Some of the factors included in actual analyses are likely to be logarithms, squares, square roots or other mathematical functions of the actual factors for which correlation is being tested.  This is done because the relationships between those factors and the end effect are not linear, so using the mathematical functions permit the analysis to be more accurate.

In the actual analyses by Lott, there were about 50 different factors that were treated as possibly causing or impeding a type of crime rate.  He and his associate included a term that had a specific value for each county in order to account for the extent to which something peculiar about a county accounted for crime rate for that county.  He did the same for states.  He also did the same for years in order to account for fluctuations in crime rates from one year to another nationwide (i.e., "crime cycles").  These are what he refers to as "dummy" variables in his book.

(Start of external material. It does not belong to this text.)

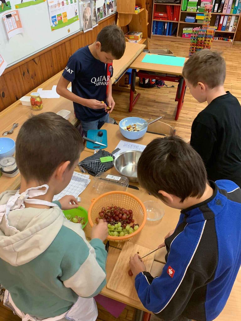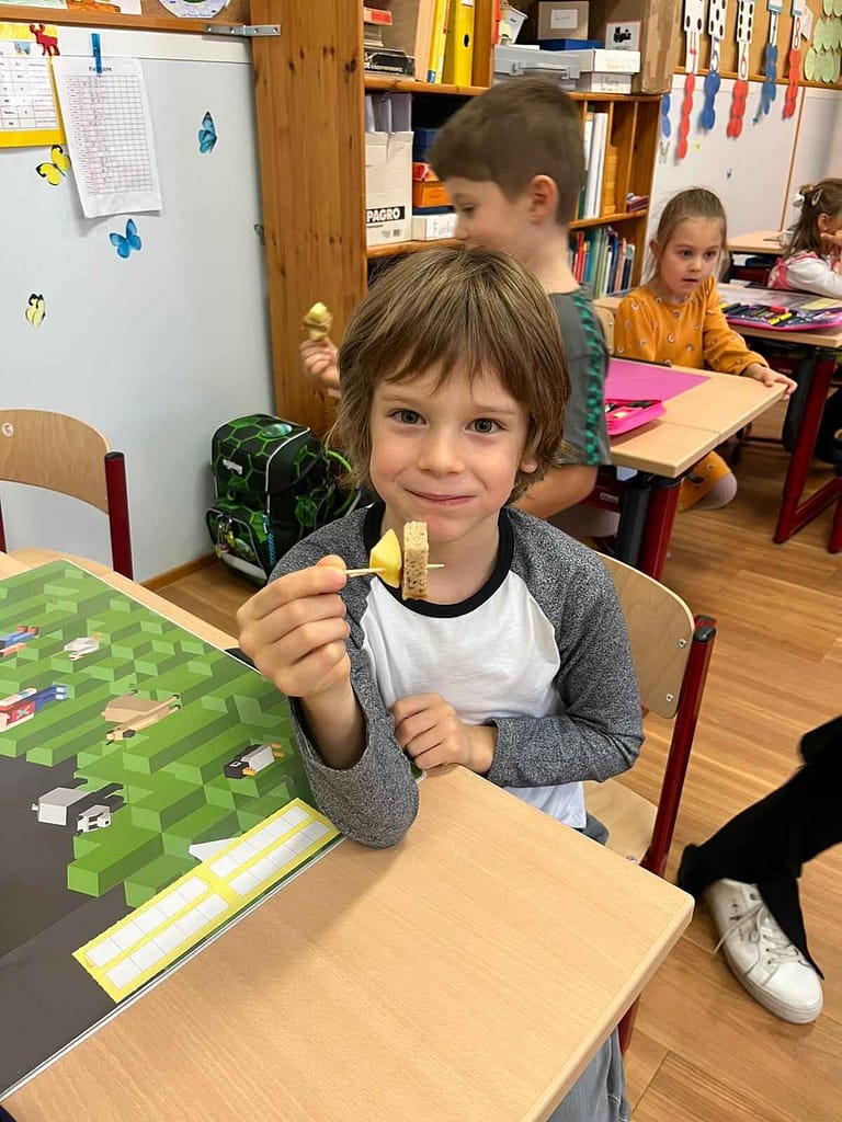 Viel Interessantes rund um das Thema „Gesunde Ernährung“ durften die SchülerInnen aller Klassen, kurz vor Beginn der Herbstferien, beim Ernährungsworkshop erfahren und entdecken. Die Kinder der 4. Klasse ließen sich eine selbst gemachte Topfencreme mit frischen Früchten schmecken. So macht das Lernen besonders viel Spaß!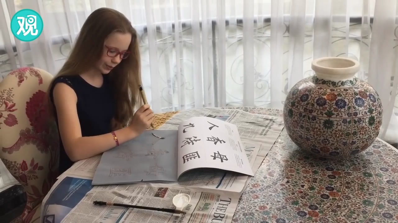 大女兒快樂羅傑斯秀書法(視頻截圖)

The analyses by Lott and Mustard also simultaneously evaluated the factors for a large number of equations.  The equations included one for each of several different kinds of crime rates, plus equations for accidental gun death rate, accidental gun injury rate, suicide rate, etc.  In all this they had data on all those different results of interest separately for every county in the U.S., separately for each of 16 years (18 by the time Lott's book was published).  This is by far the most comprehensive group of analyses yet of the things that might increase or decrease different kinds of crime and violence.  Such analyses can only be performed using high capacity computers.  Once the data sets have been entered, the analysis can be repeated with various changes without a great deal of effort, and this is exactly what Lott and Mustard did in order to test the impact of adding or deleting various things.  In fact, if someone were to come up with nationwide county-level data on some factor they would like to have added, it would be rather easy to do so.